REW 105 | Driving For Dollars

Driving For Dollars: By nature, women can be more endearing, and people find it easier to open up and be vulnerable to a woman.


I sat down with my wife, I was like, “How do we do this? I want to do this. I want to give back.” She said, “Why don’t you teach some people? You’re amazing at teaching. Why don’t you teach people what you’re doing to make $500,000?” I’m like, “You’re genius.” That’s what I did. I went to my mentor, Tom Krol. I said, “Tom, I need ten people that will implement my marketing system. Find me ten people. I’m going to teach them and coach them because I want to put $1 million into their business. It had everything to do with putting money in their business.”

He said, “First of all, 100%, you’re doing that. I love it. I’m going to help you. I’m going to find the people, but you’re not allowed to coach for free because they won’t take it seriously and won’t implement.” He made me charge him money first. It was only like a couple of thousand bucks. It wasn’t much, but we quickly got those first ten students. I started teaching them what I had learned and what I was doing. The craziest thing happened. The more I taught them, the more I realized how many holes I had in my business and all the mistakes I was making, which were very expensive mistakes.

I look back, it makes me cringe, but because of that, I made $1.2 million that year. It’s because of all the efficiencies that were put in place and what I learned from my students. The more valuable and even better than the money that I made was the love of coaching and the a-ha moment that, “This is what I want to do with my time. This is what I want to do with my life.”

My very first student, a few years later, texted me. He said, “I alone have now made over $1 million from what you taught me.” Michael McLeish in Greenville, South Carolina. Scott Dalinger, his very first deal with me made $113,000, quit his corporate job, and is making an absolute fortune still to this day in Portland. These original students were absolutely crushing it. I found so much fulfillment from it and I wanted to do more of it.

At the end of 2019, we did over $1.2 million and I wanted to go into coaching. I wanted to make that transition. I was still very much a big part of my real estate investing and wholesaling business. I had to find people and replace myself completely, so I didn’t even have to go on appointments. I wanted to keep the business running. The next year after, 2020, when I completely walked away from it, we only did $700,000 in income. Now we’re much higher than we ever were. This last year, 2021 was insane. We made a lot of money. I walked away from money to become a coach.

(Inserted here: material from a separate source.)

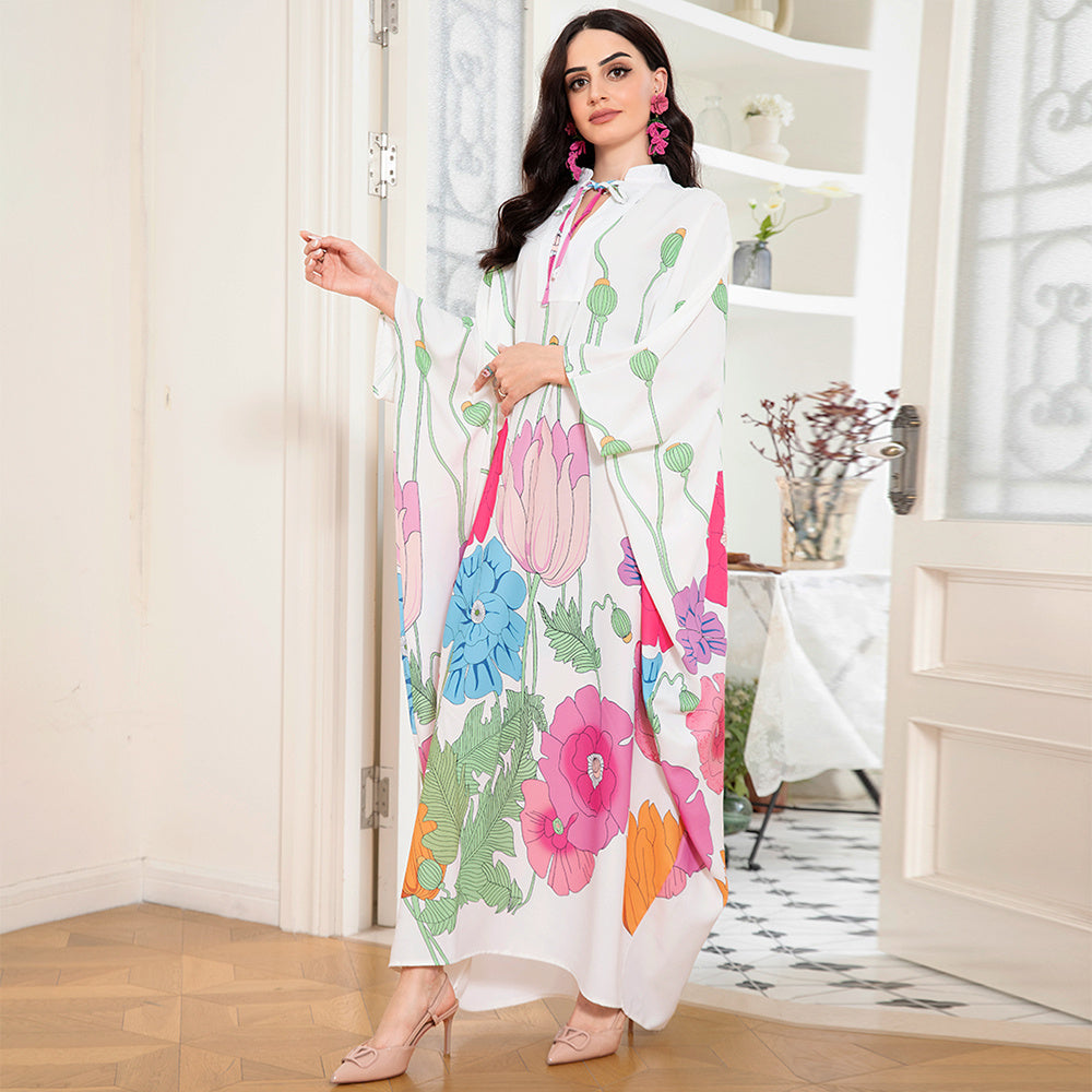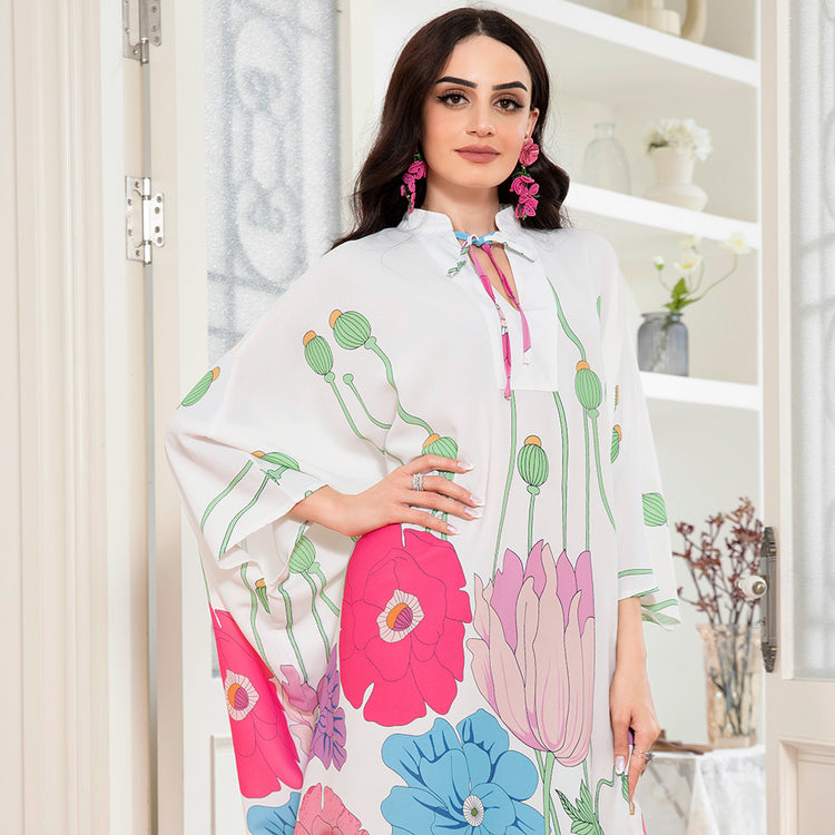 Holiday Style Sweet Round Neck Flowers Plant Raglan Sleeve Long Dresses White

The first two years of coaching, the first year, I lost $8,000. The next year, I made $600 as a coach because of putting all the people in place to help support my students, infrastructure, marketing, and getting my name out there so I could make a bigger impact. I lost money to become a coach. I did it because I love it. 2021 was the first year that I did make money as a coach. I’m grateful for that because I’m getting paid to do what I love, plus my wholesaling business is blowing up. I’ve been doing this for a handful of years now. All of that money that I have made, I’ve reinvested it. That money is starting to snowball super-fast. I’ve passed the point where my passive income is well beyond what I spend each month.

I feel like I am more blessed than I deserve. It’s incredible because not only do I have complete peace of mind and freedom financially, but I’m so fulfilled by what I do and being able to help these students. That’s a long way to answer your question of the transition period of going into coaching and what that looked like. What it looked like was I walked away from money to get it off the ground. It was because I loved it, and it was what I was passionate about.

I love that passion in you. I love your commitment to helping people. The way that you started with a commitment to make people get $1 million into their businesses, that’s an amazing commitment to people outside of you. You didn’t necessarily know upfront how much you were going to benefit from that. Our students do always teach us. That’s a big blessing also in teaching. I know that they have improved your business and all of that stuff. I love watching how the passion started and now how you’re implementing that out into the world to help more people.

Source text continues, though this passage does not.